### Records for the task
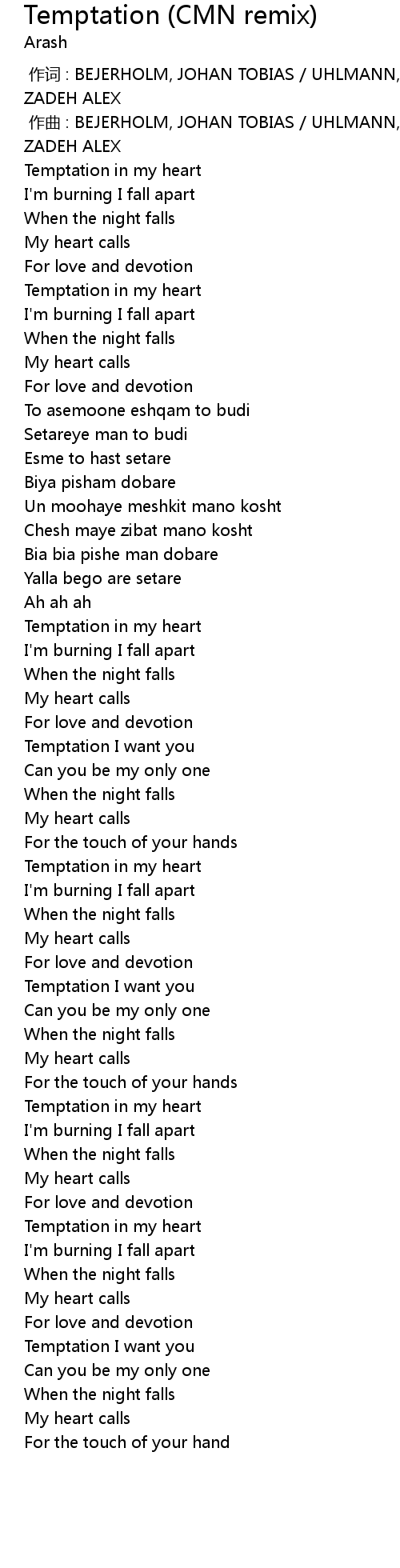 | [00:01.000] | 作曲 : BEJERHOLM, JOHAN TOBIAS / UHLMANN, ROBERT / RAHIM, LABAF ZADEH ALEX |
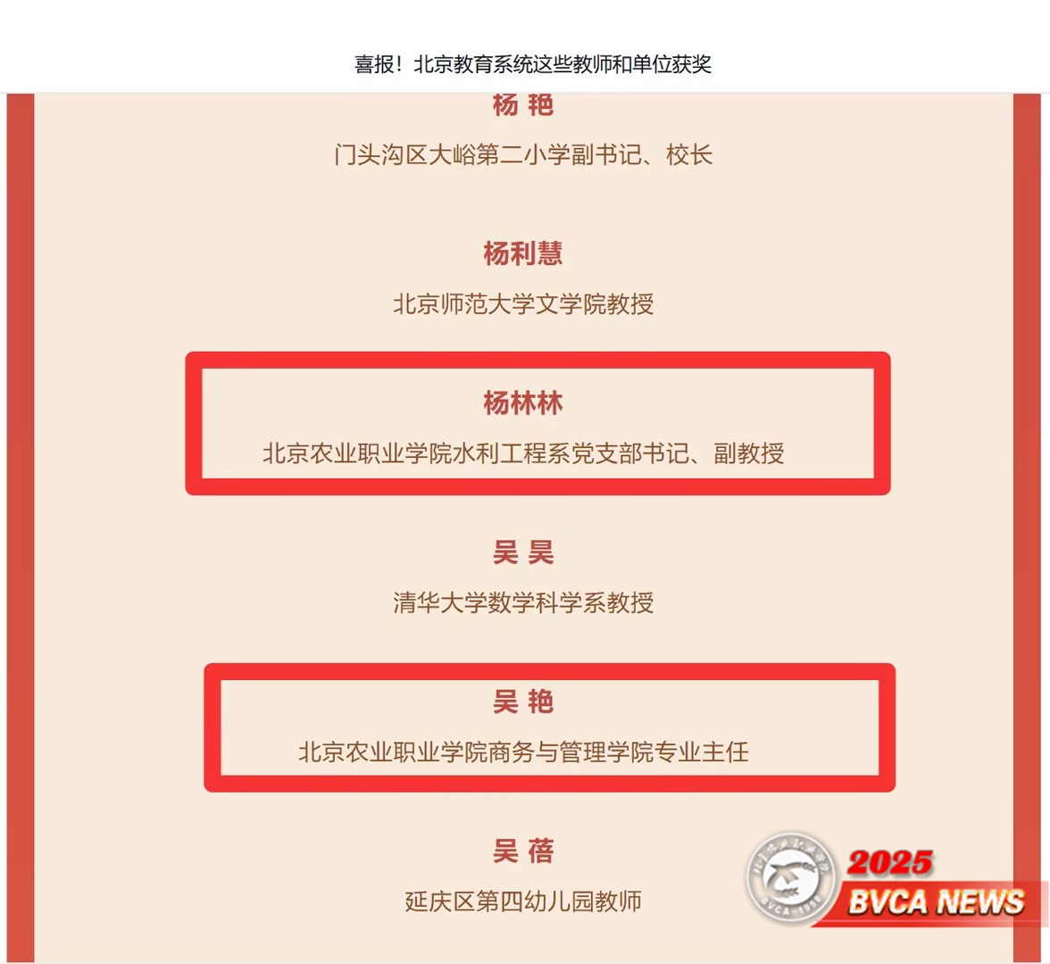 我校水利與土木工程學院副院長、水利工程系黨支部書記、副教授楊林林,商務與管理學院現代物流管理專業主任吳艷榮獲北京市三八紅旗獎章。
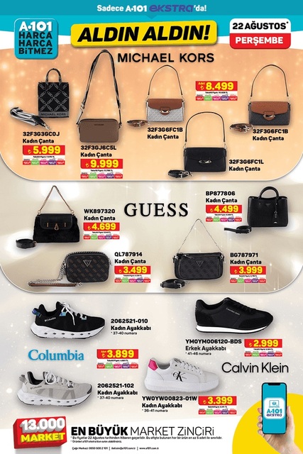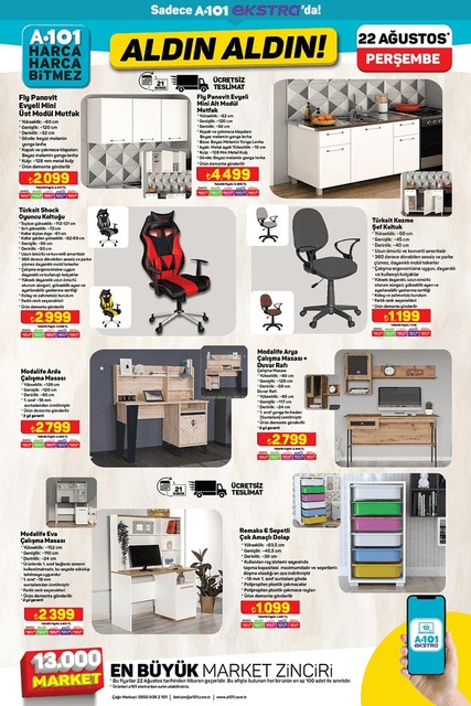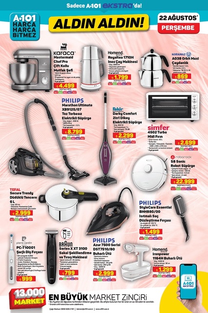 22 Ağustos 2024 A101 aktüel ürünler kataloğu yayımlandı. Böylece A101'in Perşembe indirimleri belli oldu. Market zinciri, bu hafta da onlarca indirimli ürünle raflarını güncelledi Kataloğa göre bugün teknolojik aletler, katlanır yataklı koltuk, beyaz eşya, küçük ev aletleri, mutfak araç gereçleri, temel gıda ve ihtiyaç ürünleri indirimli fiyatlarla alıcısını bekliyor olacak. 3.60 metrelik çekme karavan ve elektrikli motorlu bisiklet ise en dikkat çeken ürünler oldu. Peki, A101'de bu hafta neler var? İşte, A101 aktüel 22 Ağustos 2024 kataloğu...
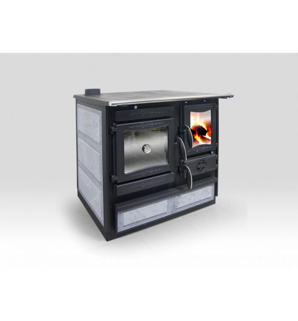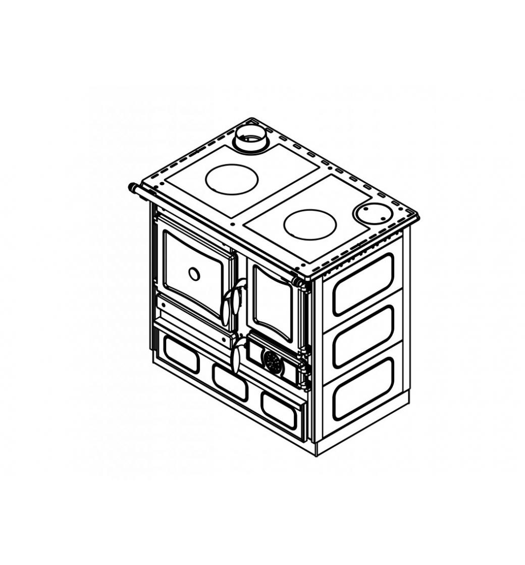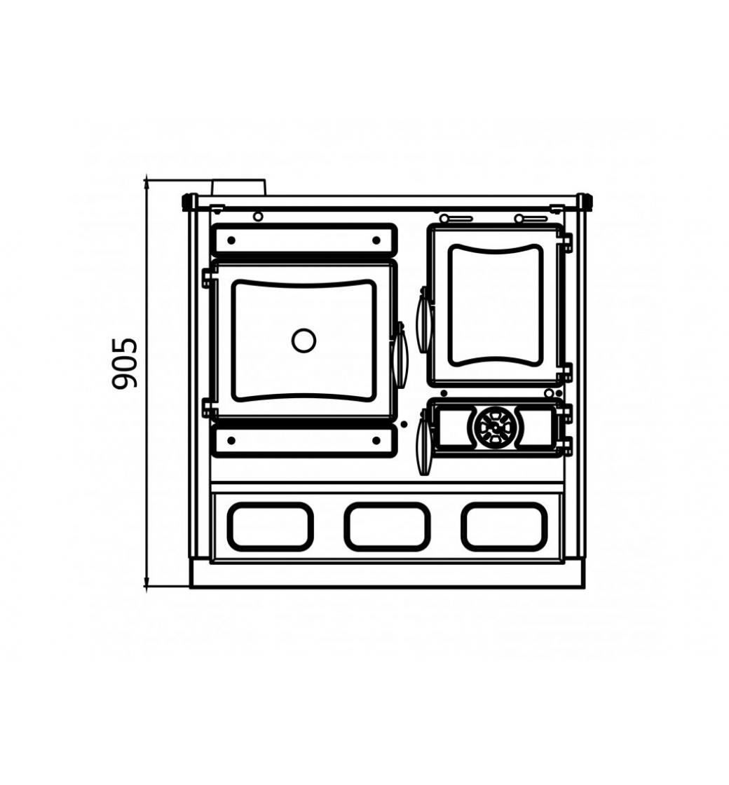 Dvířka disponují teploměrem. Prostor topeniště je vybaven dvěma rošty pro letní a zimní provoz. Pod celým sporákem se nachází praktická zásuvka, například na uskladnění paliva.
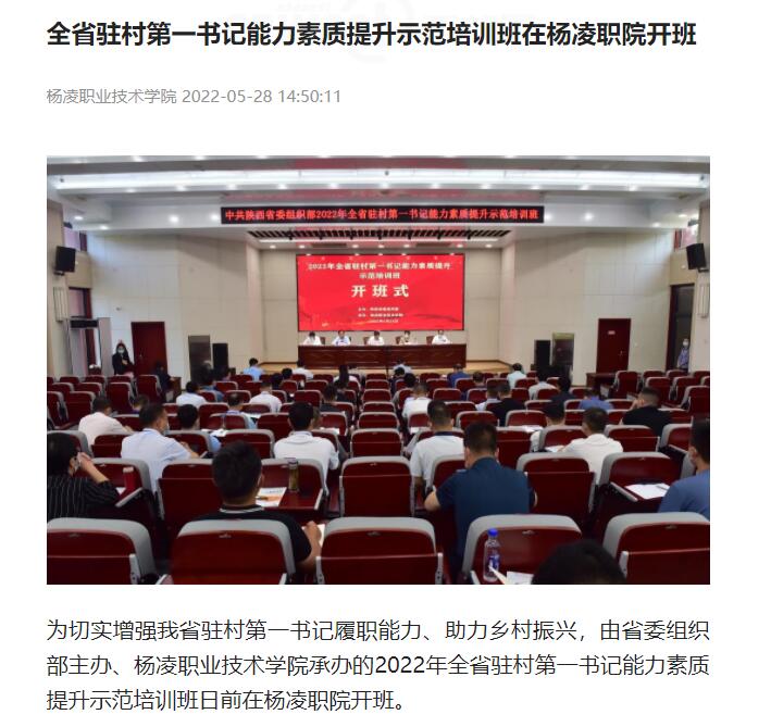 为切实增强我省驻村第一书记履职能力、助力乡村振兴,由省委组织部主办、杨凌职业技术学院承办的2022年全省驻村第一书记能力素质提升示范培训班日前在杨凌职院开班。
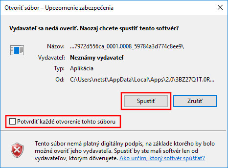 Teraz môžete spustiť program, pričom sa Vám zobrazí ešte jedno okno, ktoré je potrebné potvrdiť. Pre zjednodušenie môžete pred potvrdením odškrtnúť možnosť: „Potvrdiť každé otvorenie tohto súboru“.

### Your goal
With the pictures excluded, transcribe word for word only the lines from the one containing "22 Ağustos 2024 A101" through the last line of the records.

### Answer to the problem
 22 Ağustos 2024 A101 aktüel ürünler kataloğu yayımlandı. Böylece A101'in Perşembe indirimleri belli oldu. Market zinciri, bu hafta da onlarca indirimli ürünle raflarını güncelledi Kataloğa göre bugün teknolojik aletler, katlanır yataklı koltuk, beyaz eşya, küçük ev aletleri, mutfak araç gereçleri, temel gıda ve ihtiyaç ürünleri indirimli fiyatlarla alıcısını bekliyor olacak. 3.60 metrelik çekme karavan ve elektrikli motorlu bisiklet ise en dikkat çeken ürünler oldu. Peki, A101'de bu hafta neler var? İşte, A101 aktüel 22 Ağustos 2024 kataloğu...
 Dvířka disponují teploměrem. Prostor topeniště je vybaven dvěma rošty pro letní a zimní provoz. Pod celým sporákem se nachází praktická zásuvka, například na uskladnění paliva.
 为切实增强我省驻村第一书记履职能力、助力乡村振兴,由省委组织部主办、杨凌职业技术学院承办的2022年全省驻村第一书记能力素质提升示范培训班日前在杨凌职院开班。
 Teraz môžete spustiť program, pričom sa Vám zobrazí ešte jedno okno, ktoré je potrebné potvrdiť. Pre zjednodušenie môžete pred potvrdením odškrtnúť možnosť: „Potvrdiť každé otvorenie tohto súboru“.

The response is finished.